# BOB K...A REAL....



## Saugeye Tom (Oct 6, 2010)

MAN'S GUN


----------



## fastwater (Apr 1, 2014)

I think that 'BG' at the end of that ser. # stands for BIG GUN. 
And the 'DE' stands for DEAD END.


----------



## bobk (Apr 30, 2004)

Who owns that then?


----------



## OrangeMilk (Oct 13, 2012)

PEW PEW PEW


----------



## Flannel_Carp (Apr 7, 2014)

Guns are dangerous...


----------



## fastwater (Apr 1, 2014)

Flannel_Carp said:


> Guns are dangerous...


Know you were being comical but this was my response to a buddy's wife that was against guns and said the same thing and my buddy wanted to get one for house protection...."So are many women and men...but we still seem to need each other."  

FWIW...I normally don't get into discussions with friends and their mates on topics they disagree on but my buddy looking for a cheerleader for his point of veiw kinda put me on the spot in that particular scenario.


----------



## Flannel_Carp (Apr 7, 2014)

fastwater said:


> Know you were being comical but this was my response to a buddy's wife that was against guns and said the same thing and my buddy wanted to get one for house protection...."So are many women and men...but we still seem to need each other."
> 
> FWIW...I normally don't get into discussions with friends and their mates on topics they disagree on but my buddy looking for a cheerleader for his point of veiw kinda put me on the spot in that particular scenario.


Dangerous...to ones wallet.


----------



## fastwater (Apr 1, 2014)

Flannel_Carp said:


> Dangerous...to ones wallet.


You betcha...

Now back to that pistola...that's a fine looking lead launcher for sure Tom.


----------



## Saugeye Tom (Oct 6, 2010)

I found it in the bushes...


----------



## Saugeye Tom (Oct 6, 2010)

bobk said:


> Who owns that then?


lmao I guess me.... they run about 659 to 700 and rual king made a mistake and ran the hk vp9 at 529 a few months back....I HAD TO


----------



## bobk (Apr 30, 2004)

Nice, be a fun one to make noise with.


----------



## laynhardwood (Dec 27, 2009)

Saugeye Tom said:


> lmao I guess me.... they run about 659 to 700 and rual king made a mistake and ran the hk vp9 at 529 a few months back....I HAD TO


That is a good price.

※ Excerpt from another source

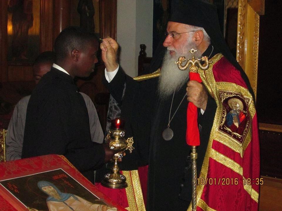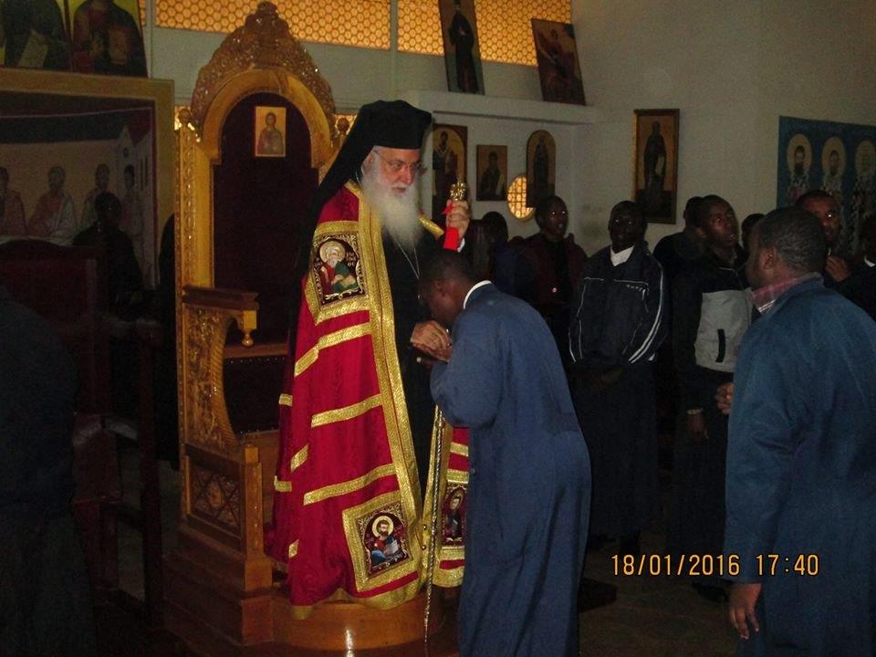Το απόγευμα της Δευτέρας, 18 Ιανουαρίου 2016, τελέστηκε από τον Σεβασμιώτατο Μητροπολίτη Κένυας κ. Μακάριο πανηγυρικός εσπερινός με αρτοκλασία στον ιερό ναό της Πατριαρχικής Σχολής «Αρχιεπίσκοπος Κύπρου Μακάριος ο Γ΄» στο Ναϊρόμπι – Κένυας.

I think we will be seeing more prices like these in the future. I have a feeling gun manufacturers pushed to make a lot of guns In fear of the women presidential nominee winning. Now the market is flooded with guns and things can be bought pretty cheap. I am looking into buying the new Colt Government stainless chambered in .38 super. I am just waiting for the right price. I like the VP9 Tom nice choice. I only shot one once but it had a nicer trigger than any of the striker fired guns I currently own.


----------



## Saugeye Tom (Oct 6, 2010)

laynhardwood said:


> That is a good price. I think we will be seeing more prices like these in the future. I have a feeling gun manufacturers pushed to make a lot of guns In fear of the women presidential nominee winning. Now the market is flooded with guns and things can be bought pretty cheap. I am looking into buying the new Colt Government stainless chambered in .38 super. I am just waiting for the right price. I like the VP9 Tom nice choice. I only shot one once but it had a nicer trigger than any of the striker fired guns I currently own.


Yes it has a nice nice trigger....better than glock in my opinion


----------



## ezbite (May 25, 2006)

Saugeye Tom said:


> MAN'S GUN
> View attachment 232557


Looks like keltec


----------



## Saugeye Tom (Oct 6, 2010)

ezbite said:


> Looks like keltec


LOL nope...but it does in a way.....HK Vp9


----------



## bobk (Apr 30, 2004)

ezbite said:


> Looks like keltec


Aren't those a bunch of singing woman.


----------



## ezbite (May 25, 2006)

bobk said:


> Aren't those a bunch of singing woman.


go to bed sally, its past time.lol.


----------



## bobk (Apr 30, 2004)

I never sleep Susan.


----------



## Saugeye Tom (Oct 6, 2010)

come on guys....Youll get Fastwater upset!


----------



## fastwater (Apr 1, 2014)

Saugeye Tom said:


> come on guys....Youll get Fastwater upset!


Thank you ST.
It is very upsetting to see family spatting.
And since you found that pistola in the bushes, you need to bring it to me so I can turn it in. Don't want family going to jail either.


----------